Intricate flowers of the Purple Passion Vine or Maypop (Passiflora incarnata) deserve a close inspection to see their uniqueness and beauty. Zebra Longwing caterpillars and Gulf Fritillary caterpillars feed on passion vines.
Notice the other little flower intruding in this space. It’s the native Morning Glory vine, which pops up everywhere and covers any surface where it’s tendrils can cling. This vine is an aggravating, aggressive irritant in the yard. Okay, it’s quaint growing on barbed wire out in the field, but mostly it grows in cultivated areas.
Cooler weather brings flowers galore on Turk’s Cap (malvaviscus-arboreus-var-drummondii).

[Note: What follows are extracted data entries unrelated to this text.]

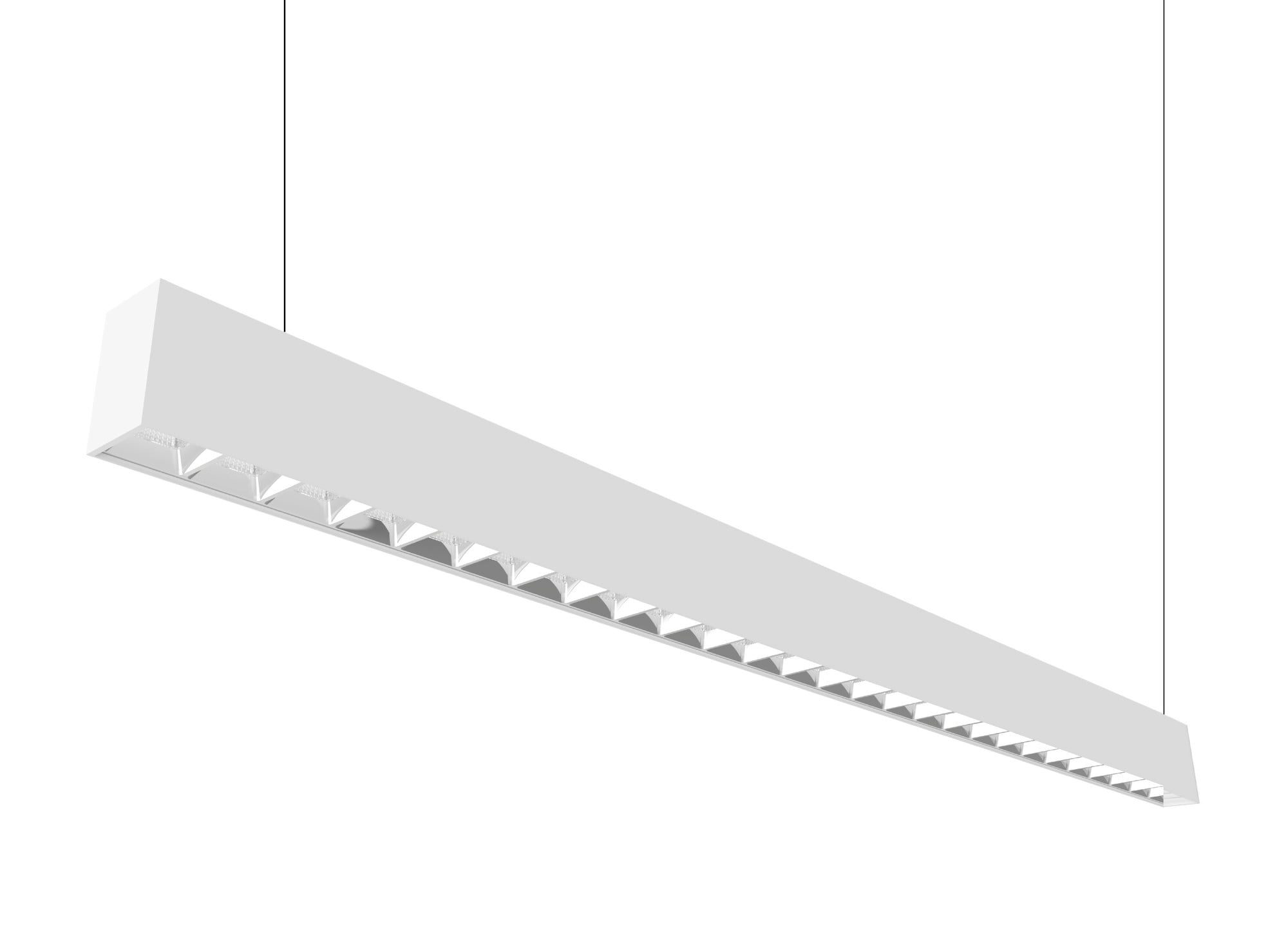 Elegant og slank pendel med opp- og nedlys. Rastere på undersiden sørger for lav blending (UGR<16) samtidig som den gir et godt arbeidslys. Passer perfekt på kontor og i offentlige miljøer, så vel som i private hjem.
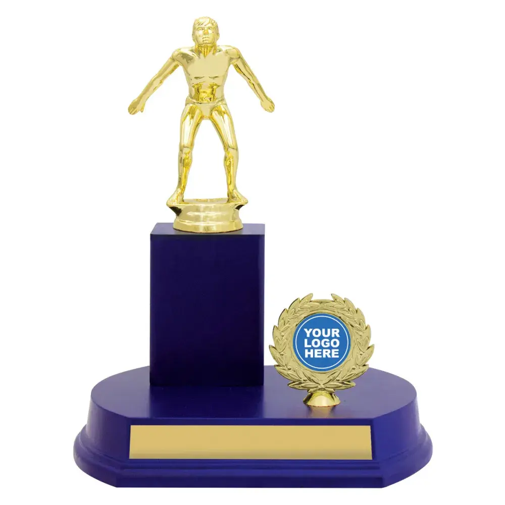 Distinctive design of timber trophy highlights the top for your sport and showcases your custom logo. Available in multiple sizes.
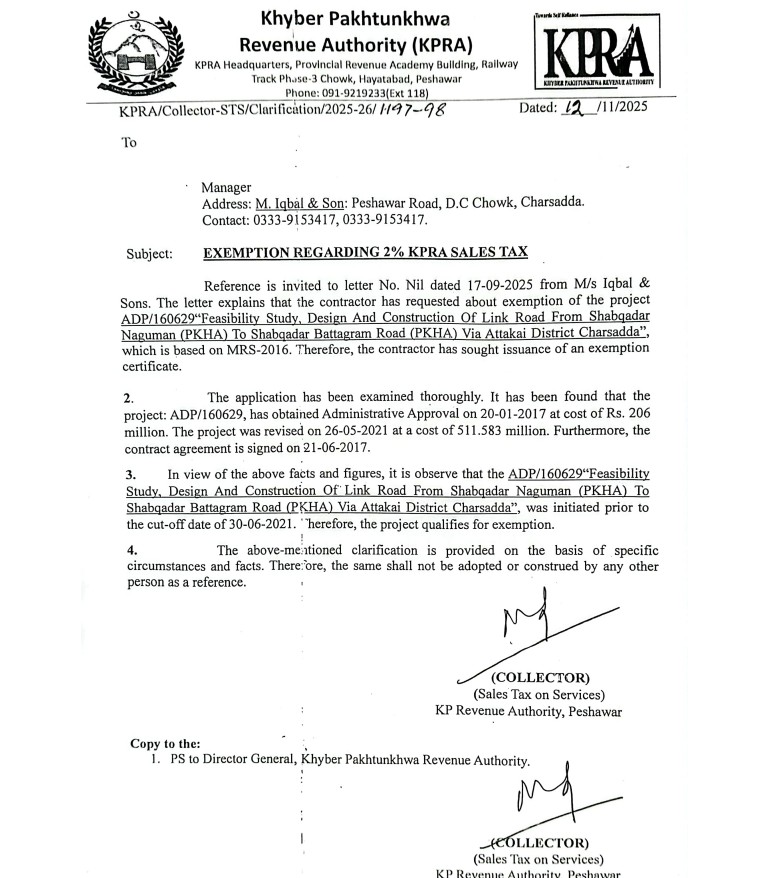 Clarification Regarding Exemption of 2% KPRA Sales Tax to M Iqbal & Sons Charsadda

What a wonderful Texas native perennial with its bright red unusual flowers and hardy in clay, rocky soil. Glorious.
After other sunflowers have shriveled up, Swamp Sunflowers (Helianthus angustifolius) wave their bright yellow faces in the air. I don’t know if this actually grows in swampy areas, but it’s very drought tolerant here in our clay soil.
Jackmanii Clematis (Clematis x jackmani) is named after an English nurseryman who introduced this cultivar in 1862. Great performer here in dry upper Central Texas.
That little bush grew up into this Gayfeather. This is not the type of Gayfeather seen in the fields in this area. The local Gayfeather is one stem standing in a group of other single stems. So I’m not sure of its variety or how it got here.
Bees are enjoying it.
A migrating Monarch stopped by for a snack.
Thanks for taking time out of your day to read this blog. Hope you’re having a wonderful fall.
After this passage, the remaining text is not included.